The failure of DA programs in internal audit is more frequent than desired. Reasons for lack of success are related to the root causes of:⁵

• Lack of support at the top
• Inability to access appropriate data in a timely manner
• Lack of talent
• Absence of success criteria, process and procedure
• Lack of embrace by the non-DA members of the department

Ensuring that the previously mentioned pitfalls do not derail an enterprise DA program requires a different degree of political, process and economic challenges to overcome among organizations. Enterprises that have established strong data governance programs that define standards for data structure and consistency can avoid many of the issues outlined in this article.

Process breakdowns can reduce the impact of a DA program. Failure to validate the data can lead to inappropriate analysis and might be caused by:

• Lack of balancing and reconciling procedures to ensure data completeness and accuracy
• Not reviewing the sources from which the data are obtained to ensure that the data align with the audit objectives
• Not ensuring that tools and queries that are used to obtain the data are accurately applied to the data in scope

The inability to execute is another reason a DA program might fail or underdeliver. Not being able to complete a requested analysis diminishes the positive impacts of a DA program. One key roadblock to execution is the poor quality of data available for DA. Data can be more difficult to work with if they contain structural characteristics that some typical desktop tools might not be able to accommodate.
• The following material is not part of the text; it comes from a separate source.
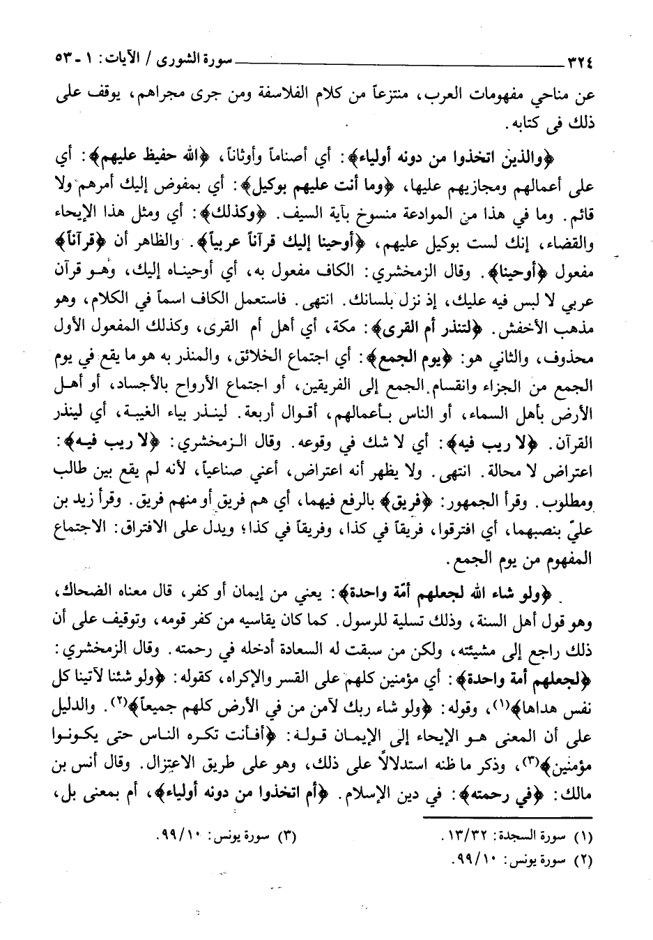 وَالَّذِينَ اتَّخَذُوا مِنْ دُونِهِ أَوْلِياءَ: أَيْ أَصْنَامًا وَأَوْثَانًا، اللَّهُ حَفِيظٌ عَلَيْهِمْ: أَيْ عَلَى أَعْمَالِهِمْ وَمُجَازِيهِمْ عَلَيْهَا، وَما أَنْتَ عَلَيْهِمْ بِوَكِيلٍ: أَيْ بِمُفَوَّضٍ إِلَيْكَ أَمْرُهُمْ وَلَا قَائِمٍ. وَمَا فِي هَذَا مِنَ الْمُوَادَعَةِ مَنْسُوخٌ بِآيَةِ السَّيْفِ. وَكَذلِكَ: أَيْ وَمِثْلُ هَذَا الْإِيحَاءِ وَالْقَضَاءِ، إِنَّكَ لَسْتَ بِوَكِيلٍ عَلَيْهِمْ، أَوْحَيْنا إِلَيْكَ قُرْآناً عَرَبِيًّا. والظاهر أن قُرْآناً مَفْعُولُ أَوْحَيْنا. وَقَالَ الزَّمَخْشَرِيُّ: الْكَافُ مَفْعُولٌ بِهِ، أَيْ أَوْحَيْنَاهُ إِلَيْكَ، وَهُوَ قُرْآنٌ عَرَبِيٌّ لَا لَبْسَ فِيهِ عَلَيْكَ، إِذْ نَزَلَ بِلِسَانِكَ. انْتَهَى. فَاسْتَعْمَلَ الْكَافَ اسْمًا فِي الْكَلَامِ، وَهُوَ مَذْهَبُ الْأَخْفَشِ. لِتُنْذِرَ أُمَّ الْقُرى: مَكَّةَ، أَيْ أَهْلَ أُمِّ الْقُرَى، وَكَذَلِكَ الْمَفْعُولُ الْأَوَّلُ مَحْذُوفٌ، وَالثَّانِي هُوَ: يَوْمَ الْجَمْعِ: أَيِ اجْتِمَاعِ الْخَلَائِقِ، وَالْمُنْذَرُ بِهِ هُوَ مَا يَقَعُ فِي يَوْمِ الْجَمْعِ مِنَ الْجَزَاءِ وَانْقِسَامِ الْجَمْعِ إِلَى الْفَرِيقَيْنِ، أَوِ اجْتِمَاعِ الْأَرْوَاحِ بِالْأَجْسَادِ، أَوْ أَهْلِ الْأَرْضِ بِأَهْلِ السَّمَاءِ، أَوِ النَّاسِ بِأَعْمَالِهِمْ، أَقْوَالٌ أَرْبَعَةٌ. لِيُنْذِرَ بِيَاءِ الْغَيْبَةِ، أَيْ لِيُنْذِرَ الْقُرْآنُ. لَا رَيْبَ فِيهِ: أَيْ لَا شَكَّ فِي وُقُوعِهِ. وَقَالَ الزَّمَخْشَرِيُّ: لَا رَيْبَ فِيهِ:

Microsoft Excel is a common delivery vessel for providing data to auditors. The flexibility of Excel sets the stage for inconsistent content, which results in files that can be difficult to use with conventional DA tools.

Data quality challenges may be present at the file level, e.g., overall file size. Many audit data analysts are using desktop or laptop machines with limitations in memory resources, and sometimes larger files cannot be opened. Some data analysis software has limitations on the size of a record they can process. A file may arrive for analysis that is encoded using a format such as Unicode. That format may require a special version of software unavailable to the analyst. Analysts may be working in an environment that produces files from various platforms and operating systems that structure data differently.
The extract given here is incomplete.